DATA FOR THE TASK
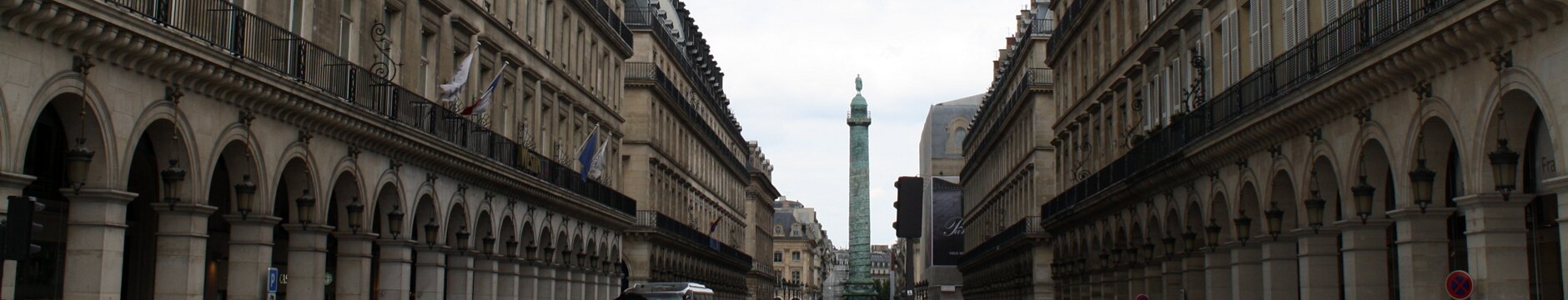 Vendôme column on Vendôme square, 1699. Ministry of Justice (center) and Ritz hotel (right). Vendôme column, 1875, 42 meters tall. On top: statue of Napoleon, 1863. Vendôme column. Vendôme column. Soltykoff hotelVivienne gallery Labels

...

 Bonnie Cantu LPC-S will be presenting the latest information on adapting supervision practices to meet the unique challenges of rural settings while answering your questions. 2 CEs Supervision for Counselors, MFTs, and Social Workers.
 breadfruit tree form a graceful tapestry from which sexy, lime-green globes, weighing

GOAL OF THE EXERCISE
Using the entries shown above, reproduce verbatim the lines from the line bearing "Bonnie Cantu LPC-S" to the line bearing "breadfruit tree form", inclusive.

RESPONSE TO THIS TASK
 Bonnie Cantu LPC-S will be presenting the latest information on adapting supervision practices to meet the unique challenges of rural settings while answering your questions. 2 CEs Supervision for Counselors, MFTs, and Social Workers.
 breadfruit tree form a graceful tapestry from which sexy, lime-green globes, weighing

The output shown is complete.